1. A preparation method of a 3D printing skull repairing titanium mesh is characterized by comprising the following steps:

analyzing the head to be repaired to obtain skull defect part information;

dissolving type I collagen in a solvent to obtain a gel solution;

printing the 3D printing biological ink on the polydopamine microsphere modified titanium mesh skull model according to the skull defect part information, and performing post-treatment to obtain a 3D printing skull repairing titanium mesh, wherein the post-treatment comprises freeze drying, crosslinking, an analytic process and irradiation sterilization;

the method for obtaining the polydopamine microsphere modified titanium mesh skull model specifically comprises the following steps:

dissolving tris (hydroxymethyl) aminomethane powder in deionized water, titrating with dilute hydrochloric acid to adjust the pH value to 7.5-10, dissolving dopamine hydrochloride powder in tris (hydroxymethyl) aminomethane solution, mixing and stirring for 30-120 min to form dopamine solution; adding the titanium mesh skull model into a dopamine solution, carrying out magnetic stirring reaction for 24-48 h at room temperature, repeatedly washing the polydopamine microsphere modified titanium mesh with pure water for 2-3 times, and drying in a forced air drying oven at 37-52 ℃ for 12-24 h to obtain the polydopamine microsphere modified titanium mesh skull model;

the thickness of the titanium mesh skull model is 0.4 mm-10 mm, and the mesh diameter of the titanium mesh skull model is 0.4 mm-0.8 mm; the mass concentration of the dopamine in the dopamine solution is 0.1-20 mg/mL; 0.5-3 g of type I collagen is contained in each 100mL of the 3D printing biological ink; every 100mL of the 3D printing biological ink contains 0.5-1.5 g of hydroxyapatite, wherein the hydroxyapatite is medical-grade nano hydroxyapatite, and the particle size of the medical-grade nano hydroxyapatite is 50-150 nm;

the freeze drying comprises a pre-freezing process and a freeze drying process, wherein the freezing temperature of the pre-freezing process is-80 ℃ to-20 ℃, the pre-freezing time of the pre-freezing process is 3h to 24h, the freezing temperature of the freeze drying process is-50 ℃ to 37 ℃, the pressure of the freeze drying process is 0.1Pa to 50Pa, and the freezing time of the freeze drying process is 24h to 72h;

the crosslinking comprises a glutaraldehyde steam crosslinking process and a heat crosslinking process, wherein the glutaraldehyde steam crosslinking is carried out in a closed container at the crosslinking temperature of 37-52 ℃, the volume concentration of glutaraldehyde steam crosslinked by glutaraldehyde steam is 5-25%, and the time for glutaraldehyde steam crosslinking is 2-12 h; the heat cross-linking is carried out in a vacuum drying oven at the temperature of 100-110 ℃ and the pressure of 10-150 Pa for 12-48 h.
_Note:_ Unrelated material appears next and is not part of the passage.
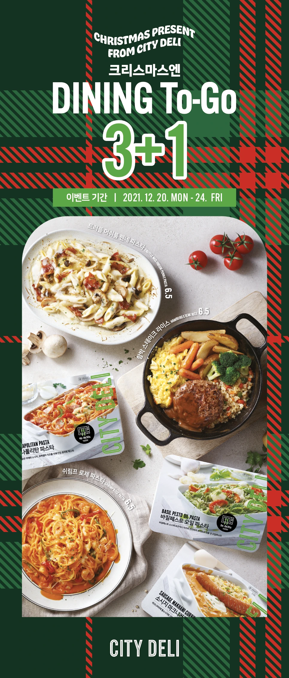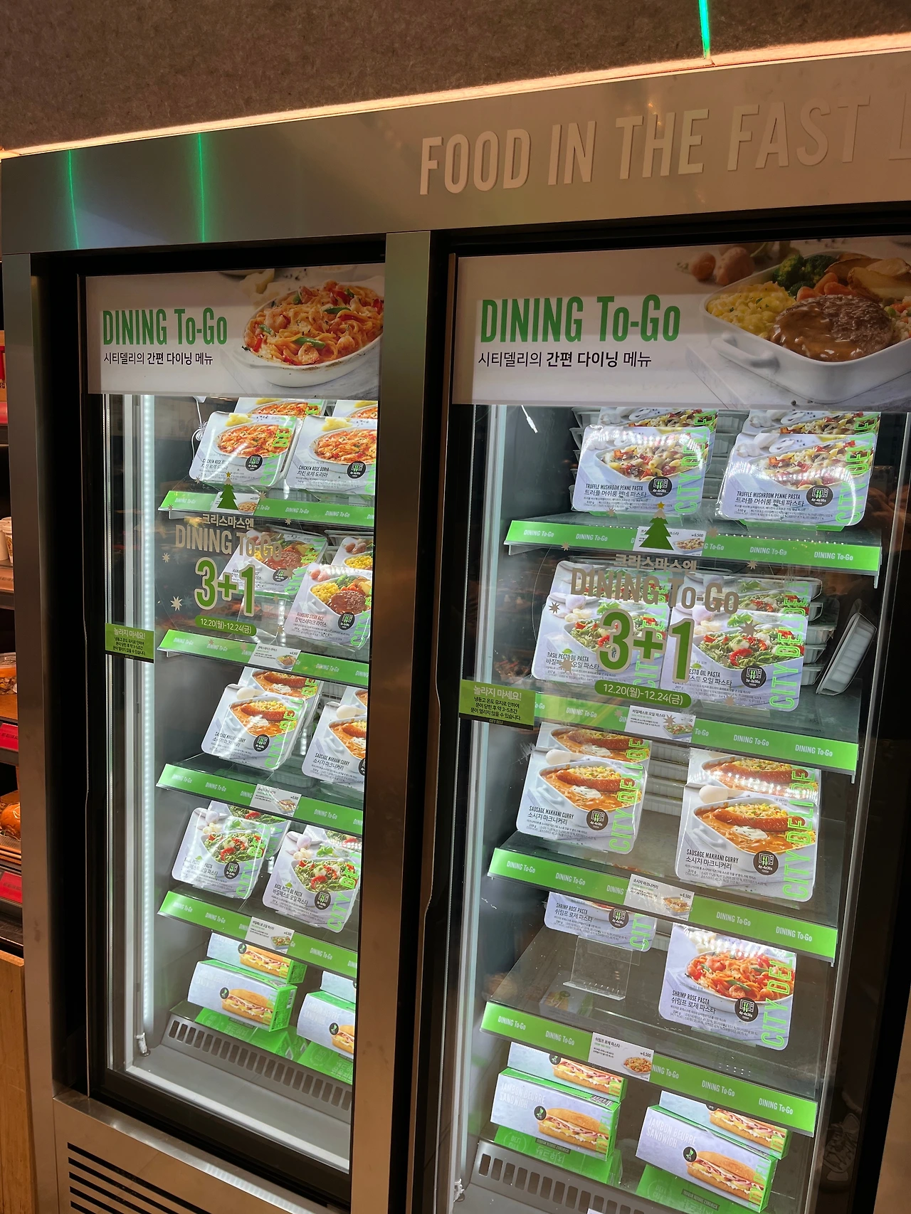 시티델리 광화문점에서는 크리스마스를 맞아 오늘(12/20)부터 12/24일까지 다이닝투고 파스타 3+1 할인 행사를 하고 있습니다. 3개를 구매하시면 1개를 Free로 드립니다. 4분 렌지업이면 근사하게 완성되는 나만의 한 끼 파스타 & 라이스 메뉴 여섯 가지 중에서 교차 구매 가능합니다.

2. The preparation method of the 3D printing skull repairing titanium mesh according to claim 1, wherein the solvent is an acetic acid solution, and the concentration of the acetic acid solution is 0.03mol/L-0.07mol/L.

3. The preparation method of the 3D printing skull repairing titanium mesh according to claim 1, wherein the 3D printing biological ink is printed on the titanium mesh skull model, and the printing parameters of the low-temperature 3D printing biological ink are set as follows: material deposition rate: 10mm/s, extrusion speed: 0.09mm/min, print layer thickness: 0.5mm, platform forming temperature: -4 to 10 ℃, air pressure: 5-300 kpa, mesh diameter 0.4-0.8 mm, printing thickness: 2-4 mm, and the diameter of the needle of the equipment is 0.4mm.

4. The preparation method of the 3D printing skull repairing titanium mesh according to claim 3, wherein the resolving process is that resolving temperature is 37-52 ℃ and resolving time is 2-4D in a forced air drying oven.

5. A3D printing skull repairing titanium mesh, which is characterized in that the skull repairing titanium mesh is prepared by the preparation method of the 3D printing skull repairing titanium mesh according to any one of claims 1 to 4.